Chief Adviser's Condolence message on the Death of Former Prime Minister Begum Khaleda Zia
— Chief Adviser of the Government of Bangladesh (@ChiefAdviserGoB) December 30, 2025
Dhaka, 30 December 2025: The Chief Adviser of the interim government, Professor Muhammad Yunus, has expressed profound sorrow at the death of Begum Khaleda Zia—three-time former Prime…
India, among Dhaka’s closest allies before ties soured following Hasina’s ouster and flight to Delhi, said it mourned Zia’s death.
Prime minister Narendra Modi, in a post on X, said he was "deeply saddened” by Zia’s death.
"Our sincerest condolences to her family and all the people of Bangladesh. May the Almighty grant her family the fortitude to bear this tragic loss," he said.
Zia was described as a shy housewife devoted to raising her two sons until her husband, military ruler and later president Ziaur Rahman, was assassinated in an attempted army coup in 1981.
Three years later, she took over as head of the BNP, which her husband had founded, and vowed to deliver on his goal of “liberating Bangladesh from poverty and economic backwardness".
She joined hands with Ms Hasina, daughter of Bangladesh's founding father Sheikh Mujibur Rahman, to lead a popular uprising for democracy that toppled military ruler Hossain Mohammad Ershad in 1990.

But their cooperation did not last long. A bitter rivalry developed, leading to them being dubbed the “Battling Begums”, a phrase that uses an Urdu honorific for married women.
Ms Hasina, who now lives close to the corridors of power in Delhi, condoled Zia’s death.

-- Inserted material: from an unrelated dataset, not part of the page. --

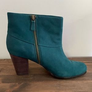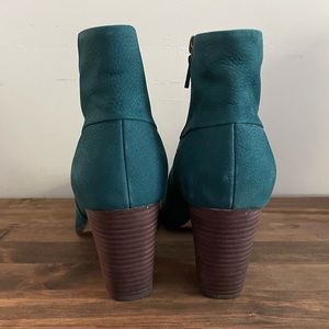 Keywords: boots, bootie, heeled, high heels, comfortable, winter, fall, suede, leather, turquoise, teal, blue, green, aqua, like new, ankle boots, ankle booties, chelsea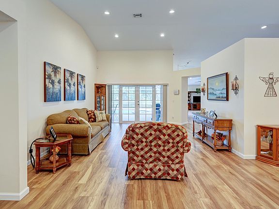 Beautiful 4 BR 2.5 bath pool home with full PGT hurricane impact windows, sliders, doors in highly desirable Brookside development. Vaulted ceilings, split floor plan offers great flow thru LR, DR, Kitchen, FR, all overlooking pool and lake. Updated kitchen, 42'' cabinets, island, Silestone countertops, two large pantries. Updated 2nd bath, white vanities, walk-in shower, cabana bath, updated half-bath. Two walk-in closets in owner's suite, large closets other rooms. Large laundry room. Oversized paver driveway (4 cars). Roof 2009, Carrier Infinity AC 2016, water heater 2016, LED recessed lights, ceiling fans, sprinklers from lake (pump 2022). East facing screened in pool with large patio offers shade/breezes off lake. Close to neighborhood parks, shopping, good schools.

“Her passing represents a profound loss for Bangladesh’s political life and for the leadership of the Bangladesh Nationalist Party. I pray for the eternal peace and forgiveness of Begum Khaleda Zia’s soul,” she said.
“As the first woman prime minister of Bangladesh, and for her role in the struggle to establish democracy, her contributions to the nation were significant and will be remembered.”

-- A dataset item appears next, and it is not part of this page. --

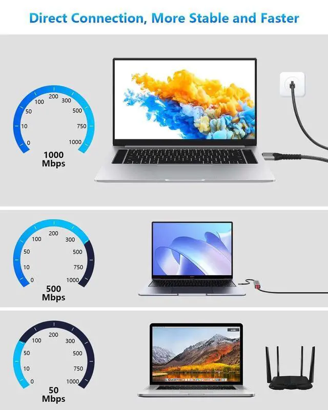 A Novel Solution: Plug and play, no extra accessories needed, This this USB C to RJ45 ethernet cable connects your computer or device directly to a router, modem, or network switch for network connection. In addition, the adapter also supports features such as Jumbo Frames, VLAN tagging, and WakeonLAN (WOL), providing a multifunctional network solution for homeand enterprise users.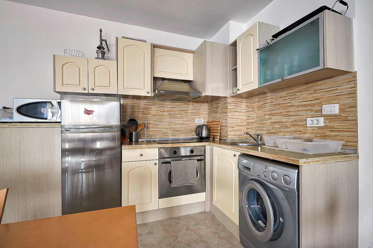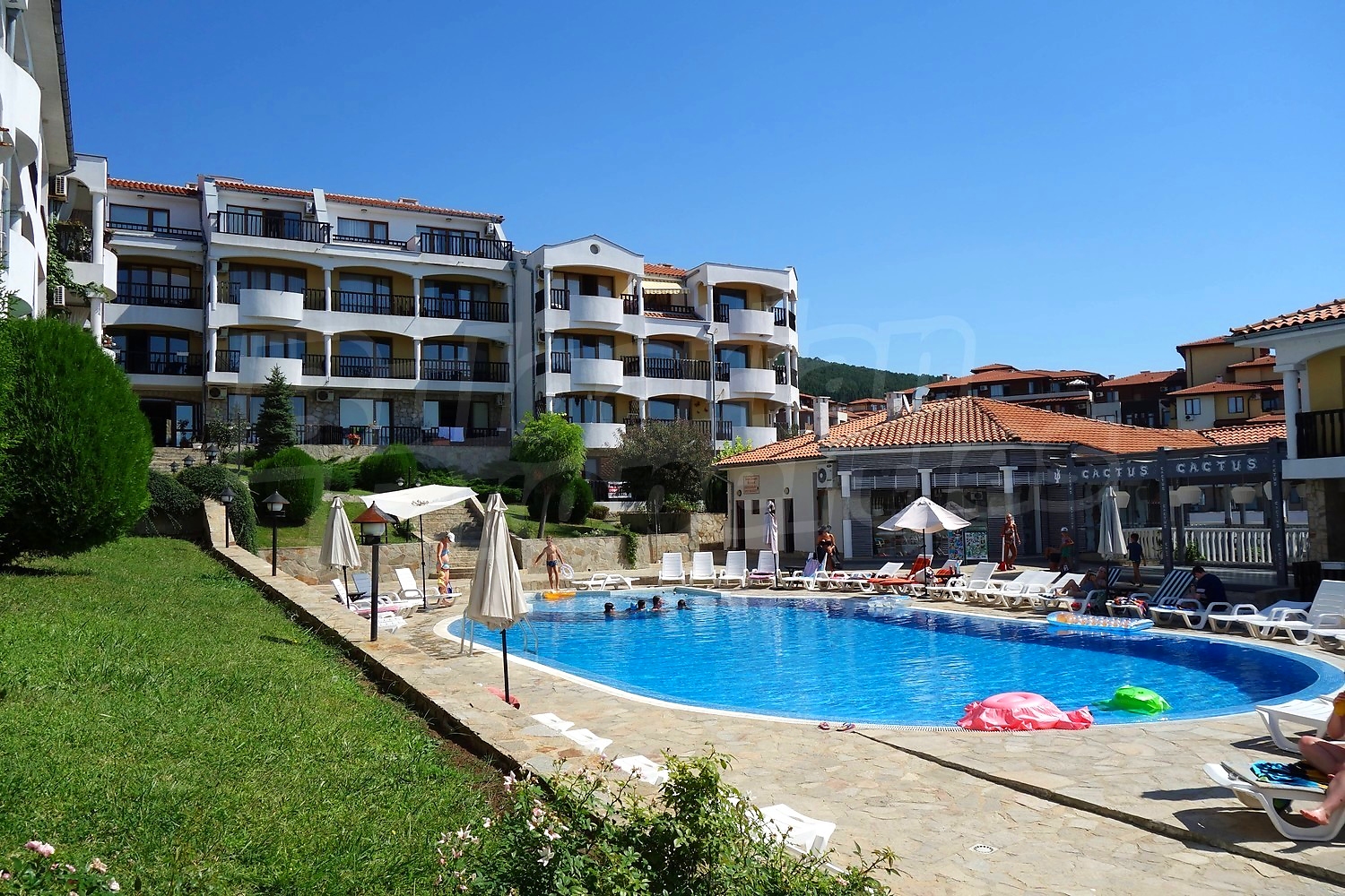 В отеле есть кондиционер, кабельное телевидение и интернет. Ежегодная плата за обслуживание комплекса составляет 9 евро за кв.м.

Supporters saw Zia as polite and traditional yet quietly stylish, someone who chose her words carefully. But they also viewed her as a bold, uncompromising leader when it came to defending her party and confronting her rivals.

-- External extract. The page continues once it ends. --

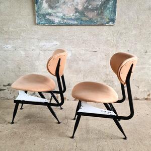 An exceptional pair of 60ties easy chairs with black metal structure, prototype?, very comfortable chairs in a quirky style, sits lower than usual, good condition, probably Italy 1960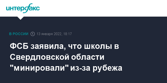 Москва. 13 января. INTERFAX.RU - Сообщения о минировании образовательных учреждений в Свердловской области, из-за которых в среду, 12 января, были эвакуированы десятки тысяч человек, поступили из-за рубежа, заявили в пресс-службе регионального управления ФСБ.

Ms Hasina, by contrast, was far more outspoken and assertive. Their opposite personalities helped fuel the rivalry that dominated Bangladesh's politics for decades.
In 1991, Bangladesh held what was hailed as its first free election. Zia won a surprise victory over Ms Hasina, having gained the support of the country's largest Islamic party, Jamaat-e-Islami.

In doing so, Zia became Bangladesh's first woman prime minister and only the second woman to lead a democratic government of a mainly Muslim nation after Benazir Bhutto, elected to lead Pakistan three years earlier.
Zia replaced the presidential system with a parliamentary one, so that power rested with the prime minister. She also lifted restrictions on foreign investment and made primary education compulsory and free. She lost to Ms Hasina in the 1996 election but came back five years later with a surprise landslide win.
Her second term was marred by the rise of an Islamist militancy and allegations of corruption.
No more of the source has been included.